Здоровья он был слабого, мучили его постоянные боли в суставах, темнело в глазах от частого сердцебиения, по ночам он маялся бессонницей и поднимался с постели разбитым и в печальном настроении, потому что все чаще одолевали мысли о скорой смерти. Но в этот день, когда увидел прекрасные глаза, смотревшие на него с искренним страхом, будто бес под ребро вселился и начал шуровать, переиначивая все на свой лад. И болезни забылись, и мысли о скорой смерти, и сам он как будто два десятка лет скинул; воспрянул и даже испытывал некий любовный трепет.

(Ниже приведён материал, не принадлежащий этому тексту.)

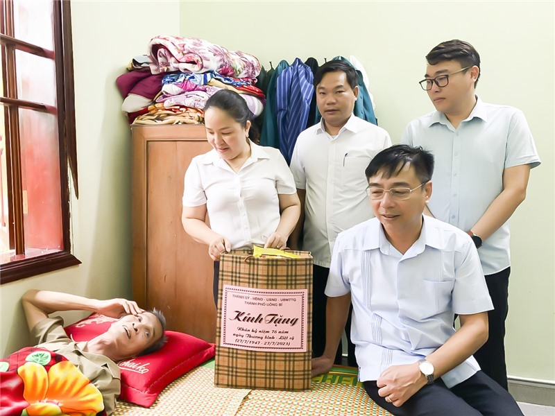 Tại các nơi tới thăm, đồng chí Đào Ngọc Sơn - Uỷ viên BTV, Trưởng ban Dân vận Thành uỷ, Chủ tịch UB MTTQ Thành phố đã ân cần hỏi thăm sức khoẻ cuộc sống của các gia đình người có công. Đồng thời khẳng định, Ðảng bộ, chính quyền và Nhân dân Thành phố Uông Bí luôn ghi nhớ, biết ơn những cống hiến, hy sinh của các thương, bệnh binh, thân nhân liệt sỹ đối với sự nghiệp xây dựng và bảo vệ Tổ quốc. Đồng chí Chủ tịch UB MTTQ Thành phố mong muốn các gia đình tiếp tục khắc phục khó khăn, sống vui, khỏe; phát huy truyền thống cách mạng, giáo dục con cháu thi đua học tập, lao động sản xuất, góp phần vào sự phát triển của quê hương, đất nước.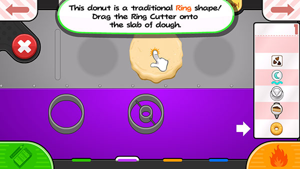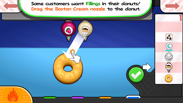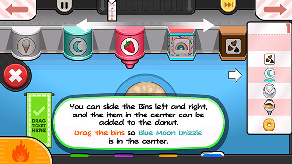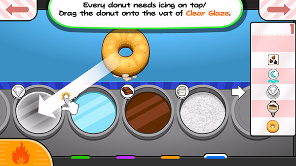 5、还有配料,滑动切换至顾客想要的配料,将其撒在甜甜圈上。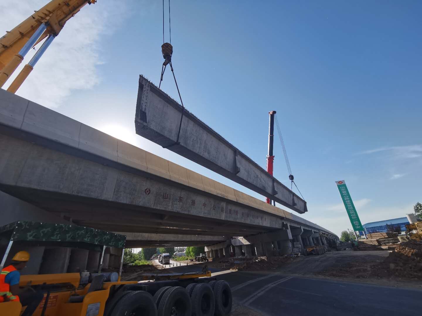 京滬高速公路萊蕪至臨沂段改擴建工程第十標(biāo)段,由齊魯交通發(fā)展集團投資,山東魯中公路建設(shè)有限公司承建,起訖點樁號K692+900-K710+000,路線全長17.1km(含紅花埠互通一處、主線收費站一處),設(shè)計速度120km/h,按雙向八車道標(biāo)準(zhǔn)進行擴建。我部于2020年1月18日率先完成第四階段全幅交通導(dǎo)改,右幅雙向通行,左幅封閉施工,進行左幅老橋拆除新建和路面施工。其中K693+964.355歸昌特大橋,全長共1233m,共14聯(lián),是我標(biāo)全線唯一的特大橋,也是全線重點控制工程之一,歸昌特大橋1-3聯(lián)上部結(jié)構(gòu)形式采用現(xiàn)澆普通鋼筋砼空心板、第10、12聯(lián)采用普通鋼筋砼現(xiàn)澆板(拆除新建)、第4-9、13、14聯(lián)采用預(yù)應(yīng)力砼(先張)橋面連續(xù)空心板(20m共435片,22.31m共5片)、第11聯(lián)采用預(yù)應(yīng)力砼(后張)簡支小箱梁(40m共14片),下部結(jié)構(gòu)采用柱式墩+肋板臺。預(yù)制箱梁所處位為歸昌特大橋第11聯(lián)拆除新建,上跨G310國道,車流量較大,施工吊裝難度風(fēng)險大,為確保歸昌特大橋左幅最后5片預(yù)制箱梁順利架設(shè),我部首先進行優(yōu)化施工方案、細(xì)化工作計劃、強化施工組織,成立專門的領(lǐng)導(dǎo)小組,合理進行資源配置,然后施工前對現(xiàn)場施工人員進行安全、質(zhì)量技術(shù)交底,讓現(xiàn)場每位施工人員能夠熟悉架梁流程及施工安全注意事項,提高安全生產(chǎn)意識,嚴(yán)格按照技術(shù)規(guī)范及要求精細(xì)架設(shè)。5月10日我部開始進行箱梁吊裝前一系列準(zhǔn)備工作,本次吊裝采用2輛400t汽車吊雙機起吊的形式進行施工,在箱梁運輸和架設(shè)過程中,項目部領(lǐng)導(dǎo)親自在現(xiàn)場指揮,我部克服了天氣及運梁線路條件復(fù)雜、上跨G310國道等不利因素,在全體人員的共同努力下,于5月11日晚20:10分將左幅最后5片預(yù)制箱梁全部順利吊裝到位,實現(xiàn)主線全線貫通。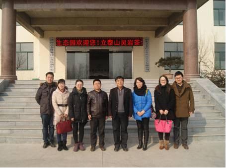 胡忠任副院长一行首先参观了立泰山茶庄,实地调研了茶庄及茶厂,随后与公司董事长董庆国先生及工作人员进行了座谈。座谈会上,我校教师听取了董事长对公司产品的介绍以及灵岩茶与灵岩寺旅游相结合的初步规划。同时针对公司在产品销售及旅游规划方面的现状,双方进行了深入交流和探讨。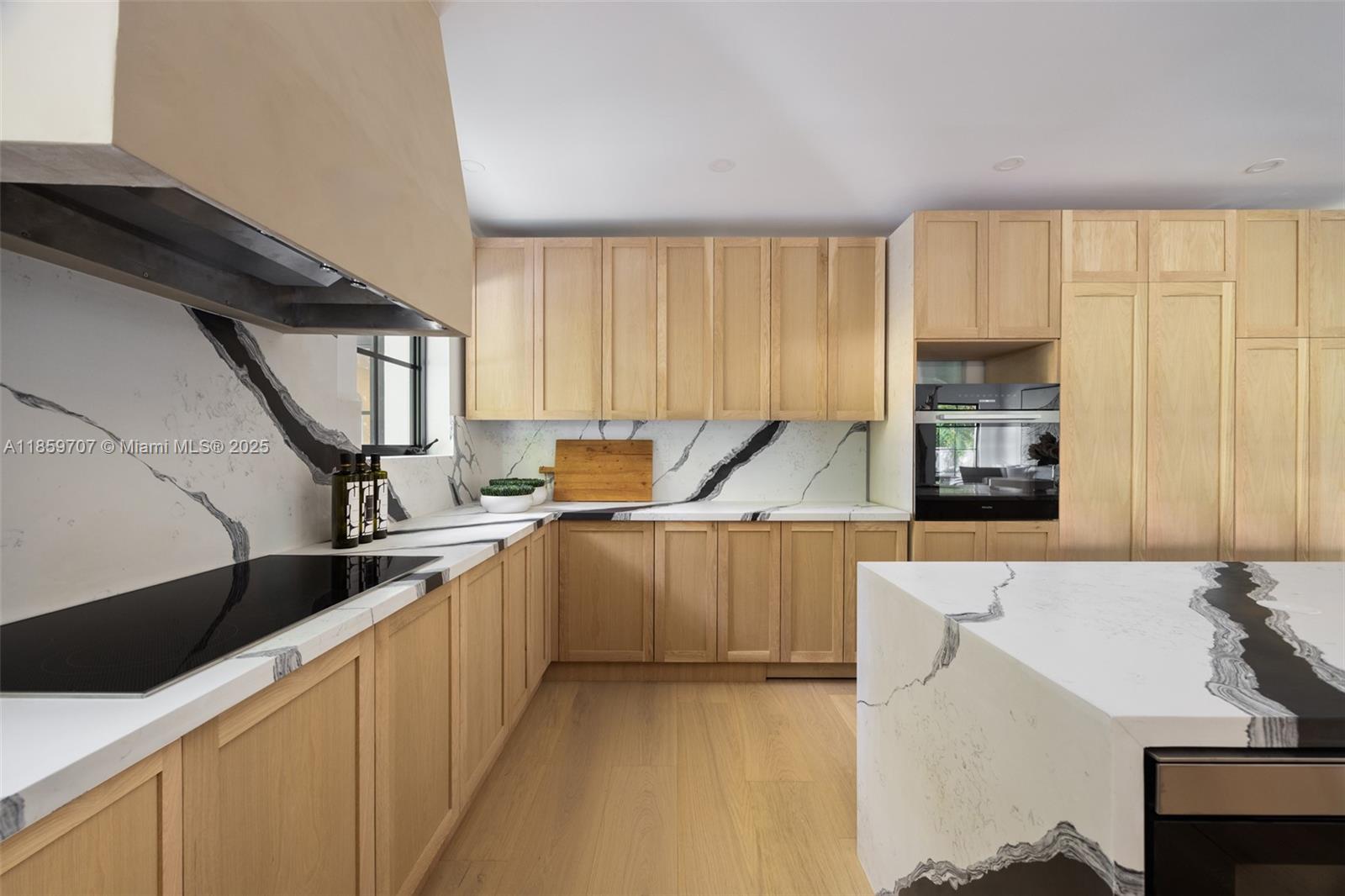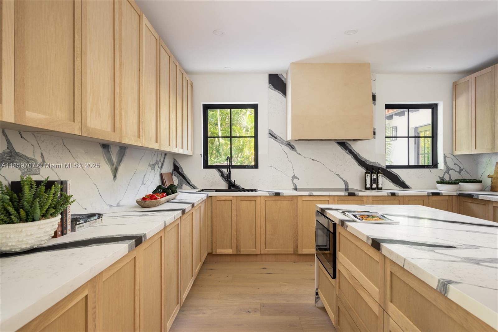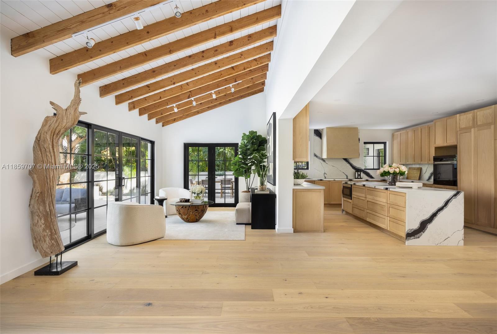 Modern Spanish Masterpiece -- Total Transformation in Coral Gables. On prestigious Riviera Drive in the coveted Golden Triangle, this home blends timeless architecture with modern comfort. Sun-filled spaces feature vaulted ceilings, wide-plank oak floors, and a custom oak kitchen with quartz counters, Miele appliances, and walk-in wine cellar. The primary suite offers dual walk-ins, fireplace, and spa bath. All bedrooms are en suite with built-in closets, ideal for family or guests. Smart-home features, impact windows, new 2-car garage. Enjoy a private backyard oasis with pool, summer kitchen, covered patio, and lounge areas. Close to the best schools, parks, and dining.

На следующий день Ульяна была доставлена в имение, помыта в бане, переодета в новый сарафан, а вечером ей надлежало явиться в спальню. Да только ровным счетом ничего не получилось из того, что задумывал Богдан Осипович. Едва он дотронулся до Ульяны, как она, дикая, оттолкнула его двумя руками и он, не удержавшись на слабых ногах, отлетел к стене, ударился головой об угол ночного столика и сразу же затих, не успев пошевелить ни рукой, ни ногой. Даже не застонал.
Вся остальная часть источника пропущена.